How does this approach work in areas that have large seasonal swings in the length of the day? Even here in Scotland (which isn't that far North) the days are far too long in summer and far to short in winter to based your day on sunrise and sunset. Personally, I need 7 hours sleep (no more no less) and get very grumpy if that gets disturbed - which means shutters and curtains in summer!

Yeah, I've always thought the idea a bit whacky, like we haven't had fire or full moons to light the night. I'm at 41 degrees south - Launceston, Tasmania - and in July go to work in the dark and get home in the dark in, then in December it's the other extreme with 15 hours of daylight at on the solstice.
I don't think it's wacky. Modern electric lighting really is a different beast. There are differences of both degree and light spectrum between fires/moons and full illumination of your environment by way of electric light.
Maybe we colonized parts of the Earth quicker than our body clocks can change to cope with the seasonal variations?
Oh yeah, for sure, that's a very good point actually.

I'm hugely opposed to fluorescent lighting in the home, especially at night. I only run incandescent / halogen, or 2700K compact fluoros / LEDs, and in the late evening all the over-head lights go off and we light the living spaces with tricolour LEDs and dim 2700K desk lamps.

I was at a relatives house a few months back and sitting under the fluorescent lights in the their house was hugely irritating.

If children can thrive in a cave they can thrive anywhere.

Happy and loving children come from happy and loving parents. Enjoy them and do what feels right and kind.

We are speaking of a period of time in humanity's timeline that lasted 2.6 millions of years without any significant development, in which the life expectancy was apparently 35 for men and 30 for women and during which we suffered at least one near extinction event.

I would find the "paleo" trends to be funny, if it wouldn't be so disturbing that people can believe such bullshit.

Like, maybe children were constantly carried around because otherwise they'd be eaten by other animals, or even other humans, with the baby stroller being a luxury of modern life, made possible because of science. And there's no mention that before Christianity children were regarded not as being precious, but as being unworthy and disposable half-humans that are the property of their parents. And also, why no cave?

Those life expectancy figures are driven lower by much higher infant mortality. Plenty of 50/60 years olds around in cavemen times.
Thank you. The whole thing is driving me nuts - everybody seems to believe that people were dropping dead at 35.
The enamoration we have with "paleo" lifestyles is slightly absurd.

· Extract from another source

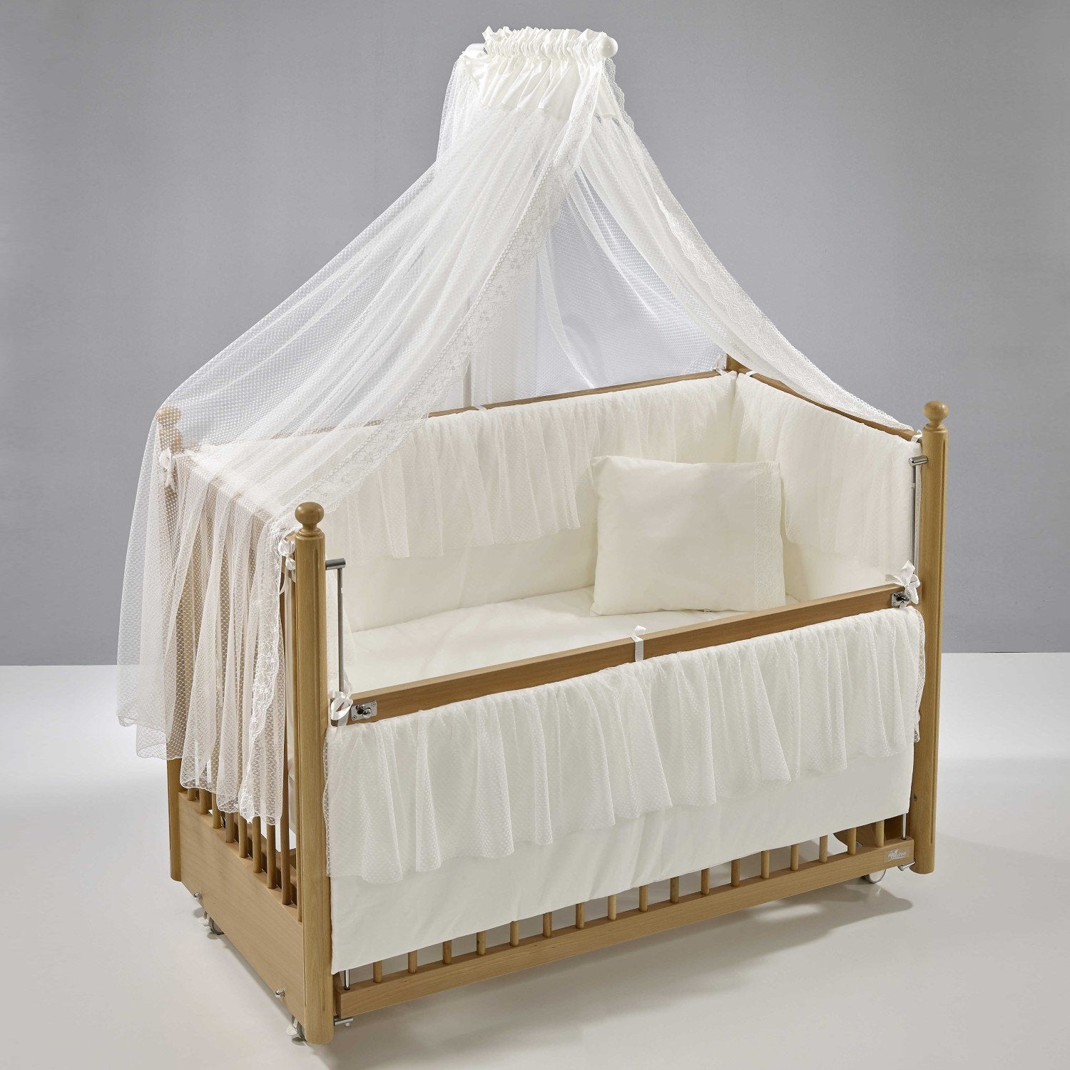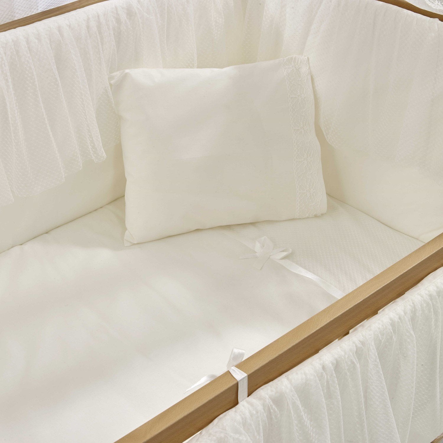 Naturel MDF Beşik + Yatak + Ekru Uyku Seti + Cibinlik Seti

The naturalist, primitivisy concept that things were superior in the past is a fallacy.

Humans didn't live for very long 10,000 years ago, so the effects of chronic diseases (the most important ones today) were not very pronounced. Most infants died before the age of five, so it seems quite ridiculous to take parenting tips from them. You are much more likely to kill your infant if you sleep with him or her in bed, as this article seems to suggest.

People would find it quite ridiculous if I suggested we model our political system after caveman politics, or perhaps we didn't teach children to read and write (weren't we happier before written language?), but somehow every "paleo" suggestion related to healthcare is assumed to be superior.